Violet Firth, etc.
Apr 04, 2004 02:48 PM
by stevestubbs
Daniel: "Steve, I wonder if you are still of this opinion or if you
have changed your mind?"
It still seems reasonable to me. If I am wrong, please show me the
error in my logic. To this day that comment seems to have been
unanswered by those who consider the mahatmas to be mere myths, so I
remain unaware why my reasoning is not good.
John Plummer: "Steve, you may need to read a few more of her books ??
as there are HPB and Besant references."
Very interesting. It has been years since I read any of her stuff
but it struck me as pure GD at the time. Especially SSD and KABALAH.
John Plummer: "CWL also comes up ?? but usually for condemnation, as
DF had a very dim opinion of what she thought he was doing,
sexually. (Actually, she felt his sexual activities were magical in
nature, so would feel gratified at the info revealed in the Tillett
bio.)
If she saw through Krishnamurti and CWL that speaks well for her
critical judgement IMO. She wrote an absurd book under the name
Violet Firth called THE PROBLEM OF PURITY for the instruction of
those who wanted to be perpetually chaste and get rid of their normal
desires through prayer, so that could put her distrust of CWL in some
perspective, even though what he was doing was criminal.

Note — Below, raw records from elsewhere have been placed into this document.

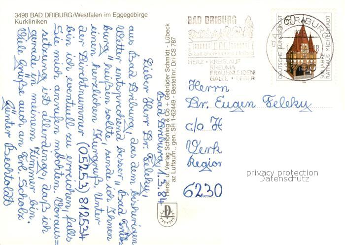 73129416 alte Postkarte Bad Driburg Kurkliniken Fliegeraufnahme postalisch gelaufen Erhaltung siehe scans [PaolaD17] KatCode: 11110005762004
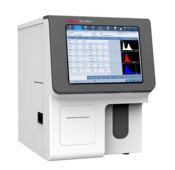 blood sample with impedance method and have 3-diff of white blood cells, test the hemoglobin concentration with colorimetric method and calculate hemocyte related parameters.
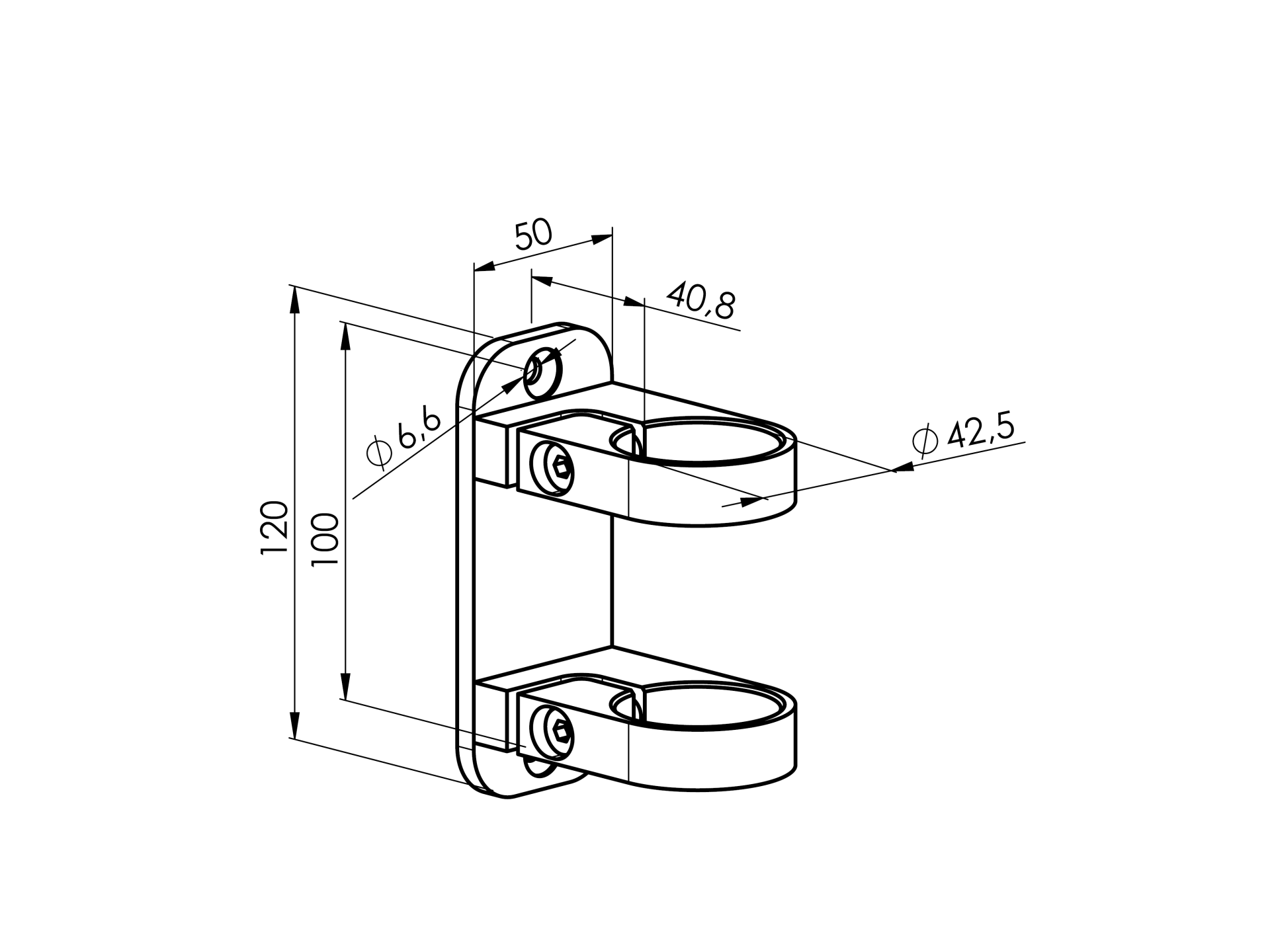 Bočné obdĺžníkové kotvenie stĺpika je konštrukčný prvok používaný na pevné prichytenie stĺpika. Tento typ kotvenia sa často využíva v architektonických a stavebných projektoch na zaistenie stability a bezpečnosti zábradlia. Využíva sa v rôznych aplikáciách, ako sú zábradlia na schodiskách, balkónoch, terasách alebo iných súkromných priestoroch. Kotvenie je navrhnuté tak, aby bolo nenápadné a estetické, čím prispieva k celkovému vzhľadu konštrukcie. Obsahuje 2 otvory, ktoré slúžia na ukotvenie.
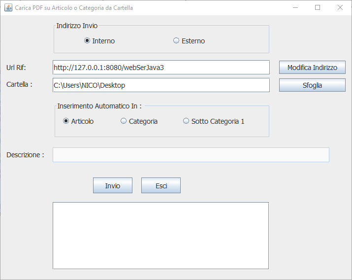 Con questo programma è possibile importare ed abbinare in automatico tutti i file pdf presenti in una cartella, i quali dovranno avere come nome il codice dell'articolo, piuttosto che della categoria o sottocategoria.
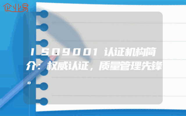 - ISO9001认证机构简介:权威认证,质量管理先锋。

John Plummer: "First, while there is certainly some Golden Dawn
influence in DF's work, the rituals of the SIL and its descendents
are *very* different, and hardly constitute any wholesale purloining
from the GD.
Very interesting. Since her stuff is Kabbalistic I got the
impression she started her own spinoff of the GD as so many others
did. I have not seen her bios and derived this impression from her
books.
John Plummer: "I think you are right to wonder about the results of
the some of the GD work. In many cases, it clearly led to inflated
magical personalities, and forms of inner work driven by the
complexes of the lower self.
So do you see this stuff as purely psychological (as Israel Regardie
maintained), or is there anything to all this "magical" stuff?
John Plummer: "Both DF and Waite fully acknowledged that, in
spiritual work, it is a matter of "Thy will be done" *not* "My will
be done."
Here is a thought for consideration: Max Freedom Long, Serge King,
and others who have written about the Higher Self all insist that it
assists but never insists. They claim we have some reason for being
here (an idea which I find somewhat less than solidly grounded in
evidence) and the HS will insist that we fulfill this mission,
whatever it is. But aside from that, it has no "will" per se.

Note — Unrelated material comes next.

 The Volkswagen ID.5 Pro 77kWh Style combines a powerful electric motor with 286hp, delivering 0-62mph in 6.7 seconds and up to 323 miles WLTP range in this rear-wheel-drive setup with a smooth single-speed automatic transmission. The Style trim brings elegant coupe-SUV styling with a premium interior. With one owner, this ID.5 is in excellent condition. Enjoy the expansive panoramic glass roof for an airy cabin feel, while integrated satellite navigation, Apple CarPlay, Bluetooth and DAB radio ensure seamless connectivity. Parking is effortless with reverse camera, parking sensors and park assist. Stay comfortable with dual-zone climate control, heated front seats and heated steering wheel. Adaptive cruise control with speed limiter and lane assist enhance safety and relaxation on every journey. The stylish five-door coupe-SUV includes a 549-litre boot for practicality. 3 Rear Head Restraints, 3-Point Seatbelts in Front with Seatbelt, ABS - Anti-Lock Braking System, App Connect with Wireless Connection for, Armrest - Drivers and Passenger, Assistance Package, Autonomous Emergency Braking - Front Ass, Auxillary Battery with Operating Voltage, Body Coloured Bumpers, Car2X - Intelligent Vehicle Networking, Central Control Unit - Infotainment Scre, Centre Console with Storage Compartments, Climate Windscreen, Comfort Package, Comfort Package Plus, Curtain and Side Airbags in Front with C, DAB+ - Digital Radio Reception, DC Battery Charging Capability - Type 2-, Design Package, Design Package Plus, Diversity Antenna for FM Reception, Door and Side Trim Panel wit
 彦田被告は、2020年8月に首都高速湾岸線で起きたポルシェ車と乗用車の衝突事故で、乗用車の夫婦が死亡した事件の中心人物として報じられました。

Socrates said the same thing about his experience in Plato's
APOLOGY. His inner oracle occasionally forbade him to do this or
that (which makes it sound like conscience) but never urged him to do
anything.
I am of course using the word "will" in the sense of AC's "Magical
will", which is how I assume you are using it, rather than in the
sense of a ding an sich as Schopenhauer wrote it.
John Plummer: "Actually, it was as a result of seeing some of the
spiritual train wrecks in the GD which led DF to insist that
psychological health (including undertaking a course of therapy if
necessary)
The best I have been able to determine, the psychological risk is
that latent psychosis will flower into a psychotic break. I am
doubtful "therapists" are competent enough or even honest enough to
cure a latent psychosis. (Or with most of them, much of anything
else.) So the presebce or absence of psychosis in one's family tree
(the disorder is believed to be genetic) would seem to be the key.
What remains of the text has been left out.